(Saved data entries)
═══

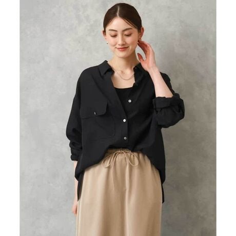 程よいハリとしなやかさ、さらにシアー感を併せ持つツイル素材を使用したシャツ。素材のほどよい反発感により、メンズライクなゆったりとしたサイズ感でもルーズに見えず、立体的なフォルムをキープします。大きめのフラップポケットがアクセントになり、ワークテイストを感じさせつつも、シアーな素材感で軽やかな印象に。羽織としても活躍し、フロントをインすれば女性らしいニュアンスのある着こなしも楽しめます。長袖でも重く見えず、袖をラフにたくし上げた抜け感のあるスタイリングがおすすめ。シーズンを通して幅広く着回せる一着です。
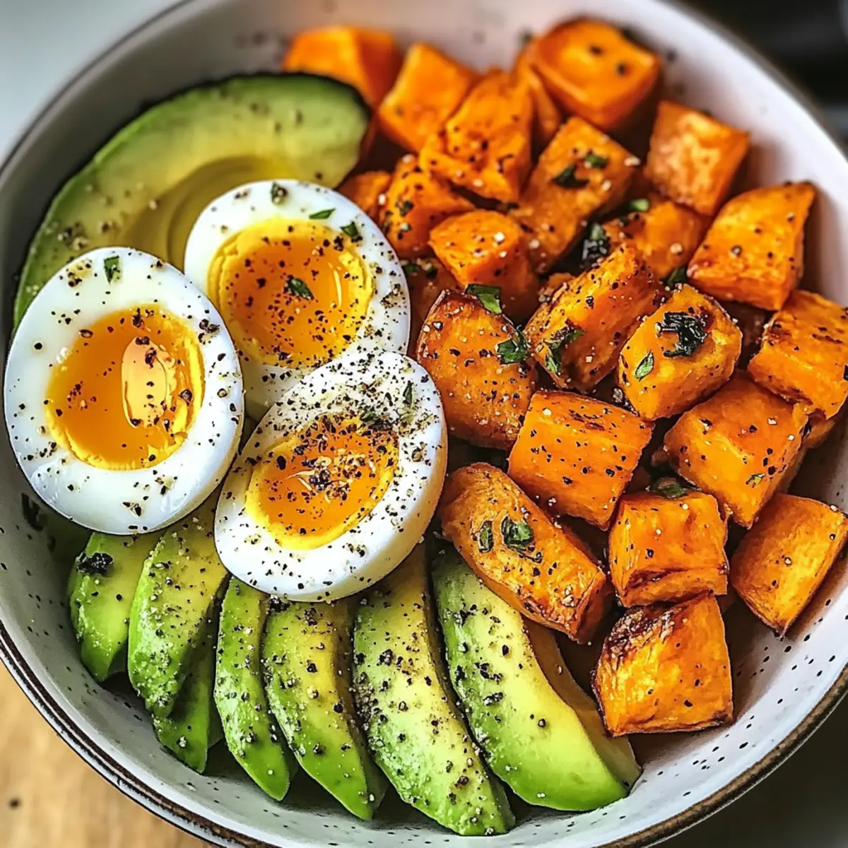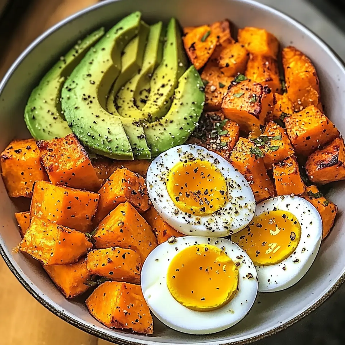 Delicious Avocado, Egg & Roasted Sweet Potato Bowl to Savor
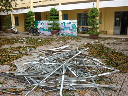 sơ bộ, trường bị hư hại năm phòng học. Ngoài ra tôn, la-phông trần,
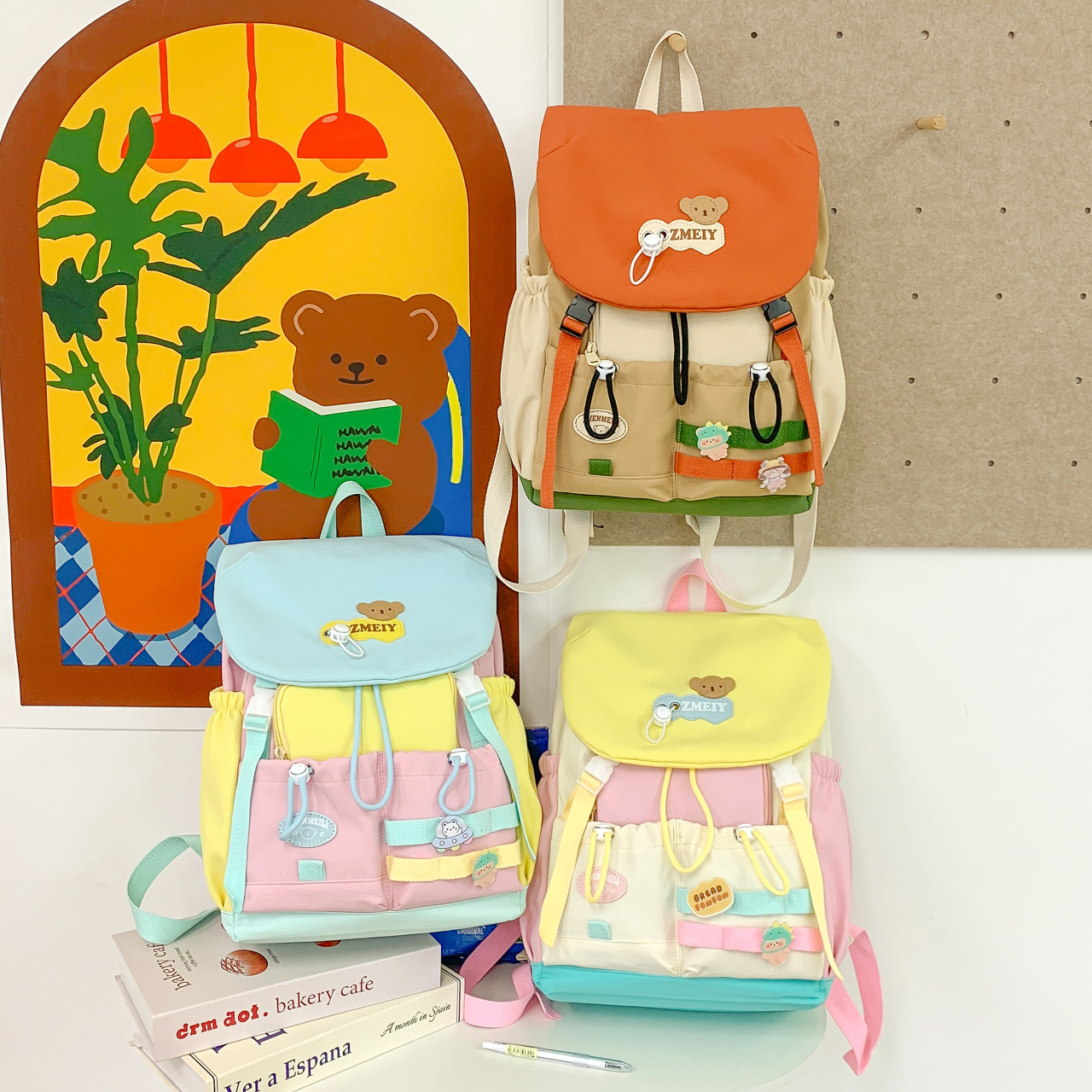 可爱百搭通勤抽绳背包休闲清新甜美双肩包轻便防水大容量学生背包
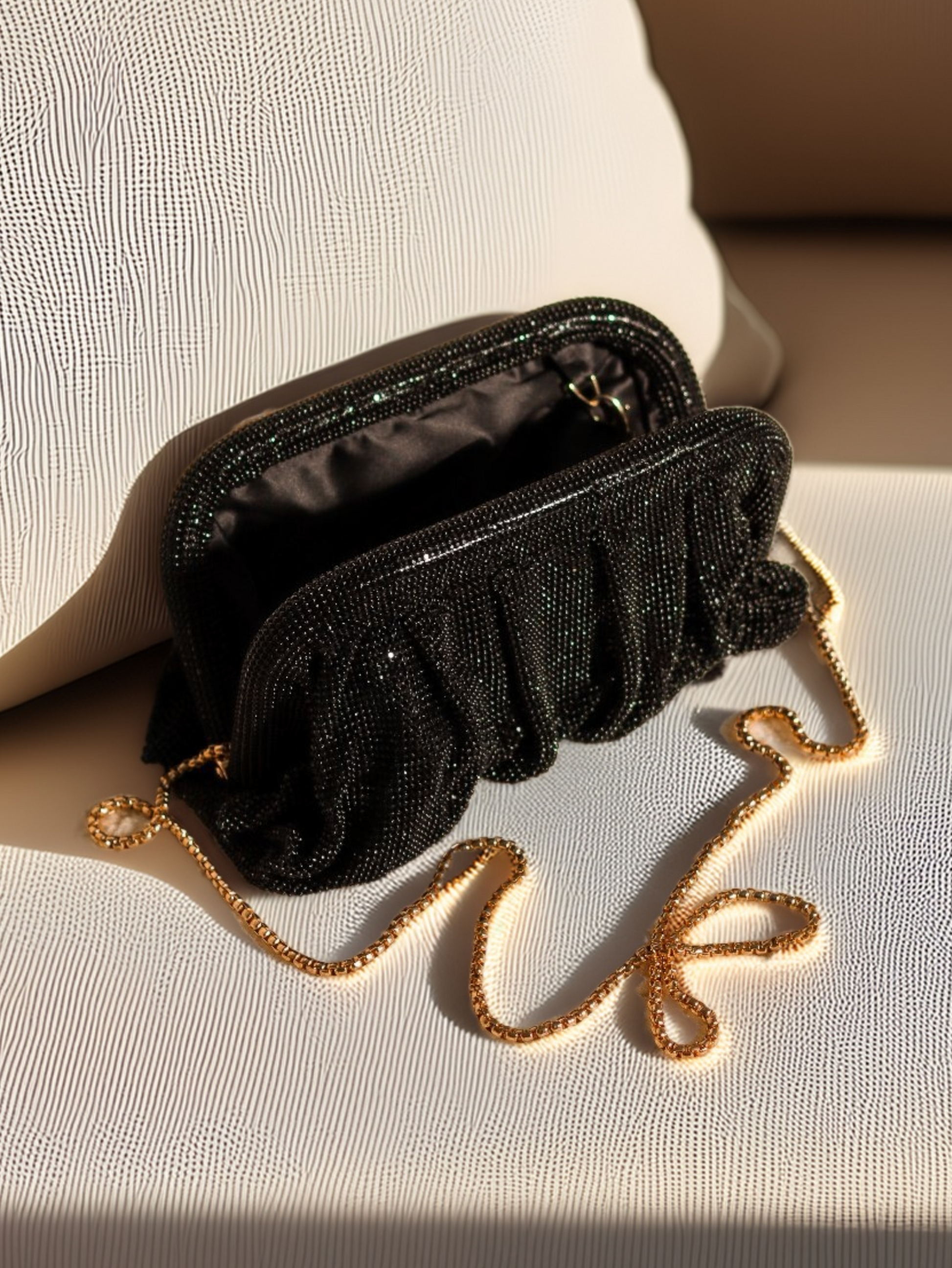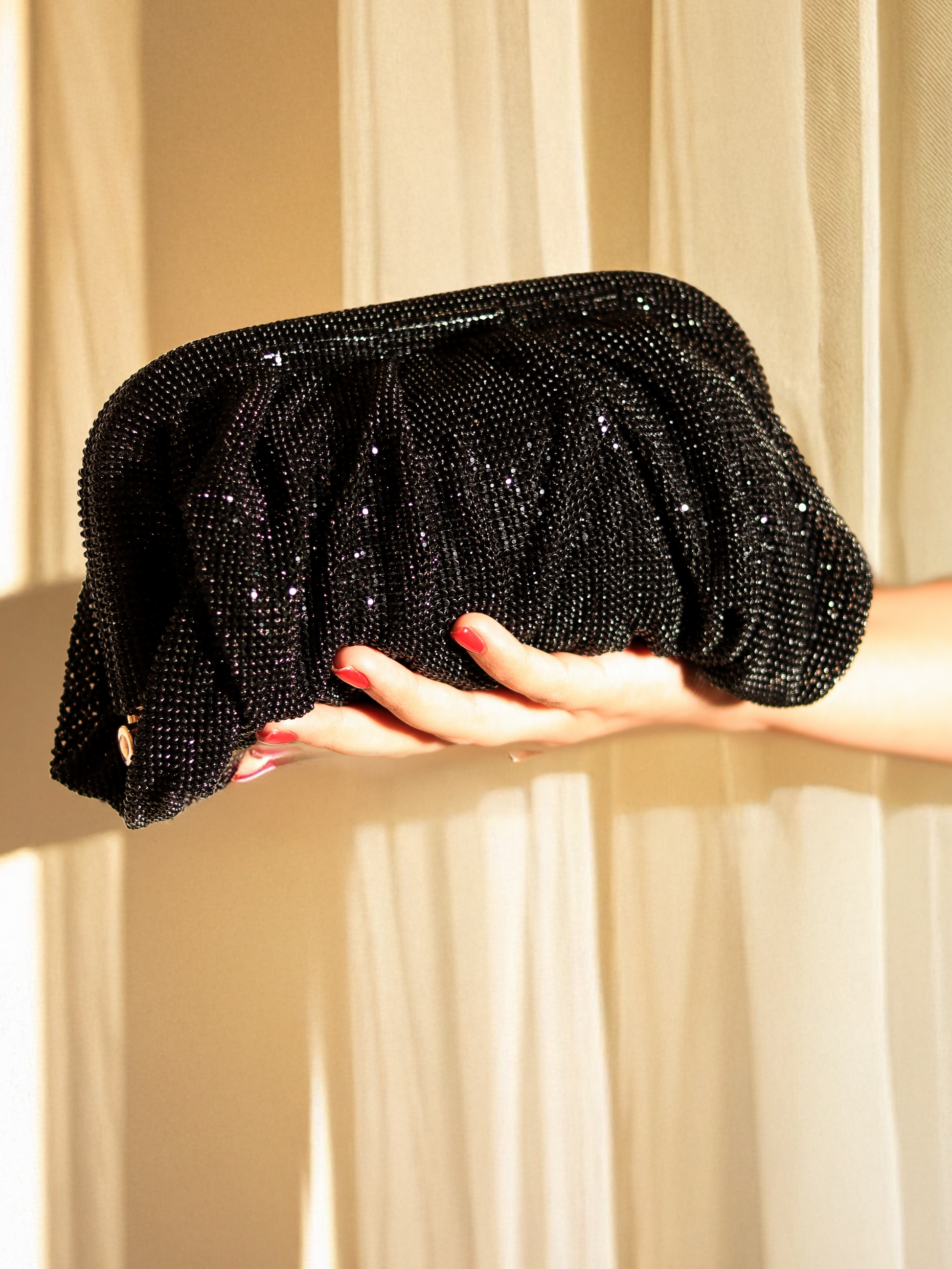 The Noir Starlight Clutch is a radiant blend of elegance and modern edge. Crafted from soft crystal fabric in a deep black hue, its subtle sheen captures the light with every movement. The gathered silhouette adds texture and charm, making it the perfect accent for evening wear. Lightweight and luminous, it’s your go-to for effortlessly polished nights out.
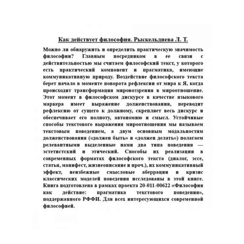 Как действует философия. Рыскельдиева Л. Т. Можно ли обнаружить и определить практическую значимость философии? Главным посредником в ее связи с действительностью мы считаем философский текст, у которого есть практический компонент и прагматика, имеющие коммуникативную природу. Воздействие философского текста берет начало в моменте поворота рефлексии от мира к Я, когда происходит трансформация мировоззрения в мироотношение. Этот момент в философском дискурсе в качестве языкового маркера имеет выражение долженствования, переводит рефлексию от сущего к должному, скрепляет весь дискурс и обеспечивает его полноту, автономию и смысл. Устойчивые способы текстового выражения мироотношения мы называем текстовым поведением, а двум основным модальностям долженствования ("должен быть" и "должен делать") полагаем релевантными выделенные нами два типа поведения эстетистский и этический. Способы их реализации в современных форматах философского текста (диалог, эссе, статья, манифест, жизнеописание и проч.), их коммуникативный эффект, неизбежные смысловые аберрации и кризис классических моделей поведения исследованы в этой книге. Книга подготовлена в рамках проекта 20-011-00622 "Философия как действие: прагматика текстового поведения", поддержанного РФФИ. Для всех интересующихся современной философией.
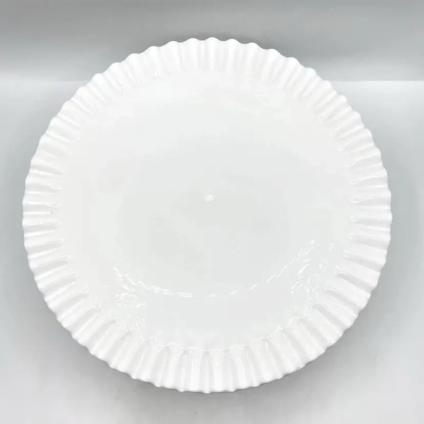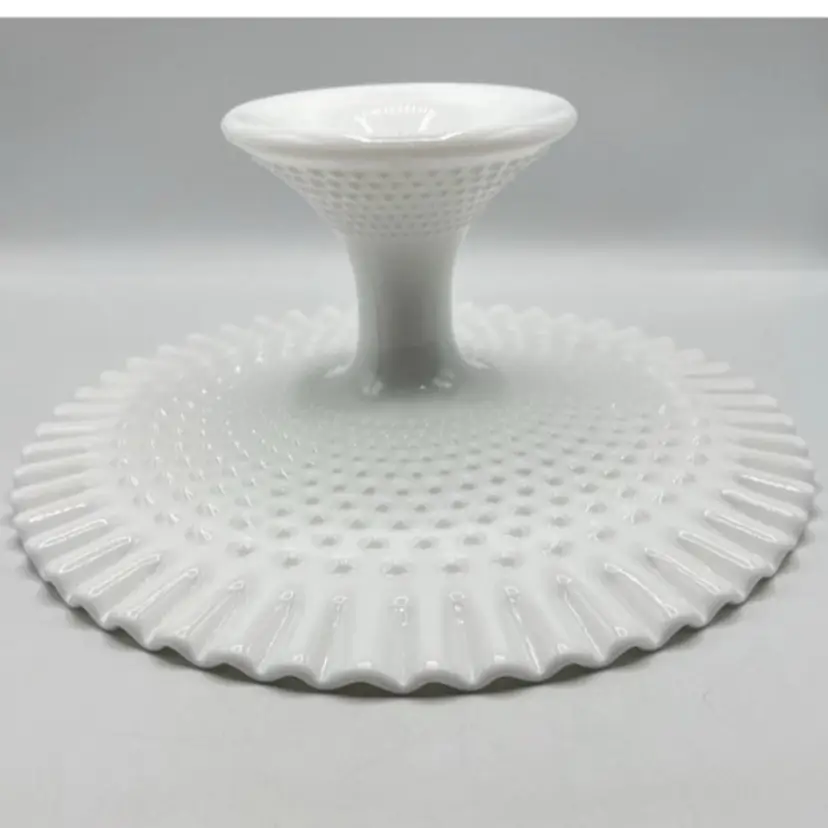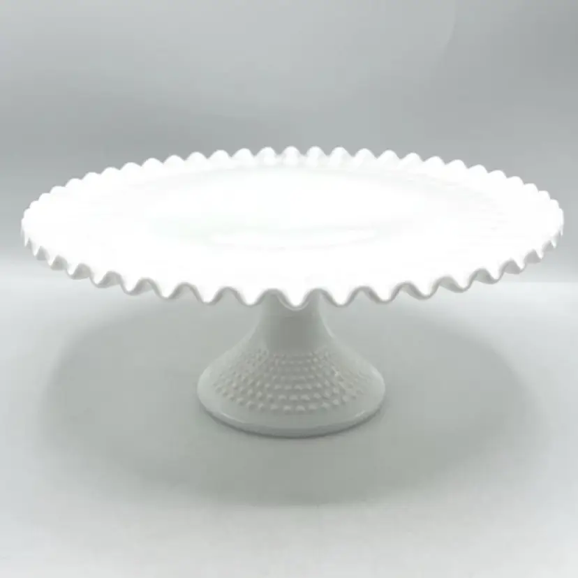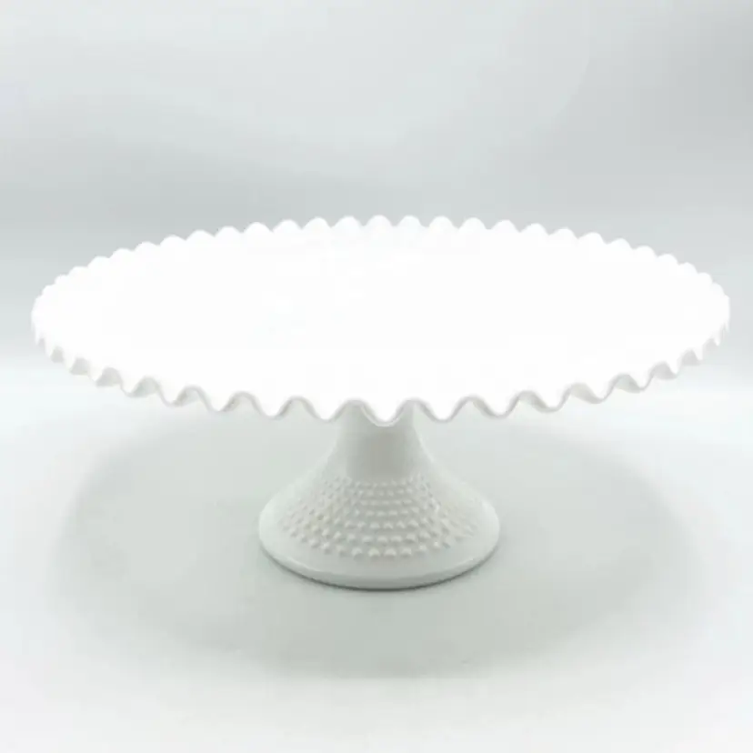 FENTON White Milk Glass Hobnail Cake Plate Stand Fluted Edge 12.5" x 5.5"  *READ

═══

▶ [Exercise directions]: Write out exactly the lines above, from the very first through the line containing "可爱百搭通勤抽绳背包休闲清新甜美双肩包轻便防水大容量学生背包", both kept, with the pictures removed.

▶ [Solution to the exercise]:
 程よいハリとしなやかさ、さらにシアー感を併せ持つツイル素材を使用したシャツ。素材のほどよい反発感により、メンズライクなゆったりとしたサイズ感でもルーズに見えず、立体的なフォルムをキープします。大きめのフラップポケットがアクセントになり、ワークテイストを感じさせつつも、シアーな素材感で軽やかな印象に。羽織としても活躍し、フロントをインすれば女性らしいニュアンスのある着こなしも楽しめます。長袖でも重く見えず、袖をラフにたくし上げた抜け感のあるスタイリングがおすすめ。シーズンを通して幅広く着回せる一着です。
 Delicious Avocado, Egg & Roasted Sweet Potato Bowl to Savor
 sơ bộ, trường bị hư hại năm phòng học. Ngoài ra tôn, la-phông trần,
 可爱百搭通勤抽绳背包休闲清新甜美双肩包轻便防水大容量学生背包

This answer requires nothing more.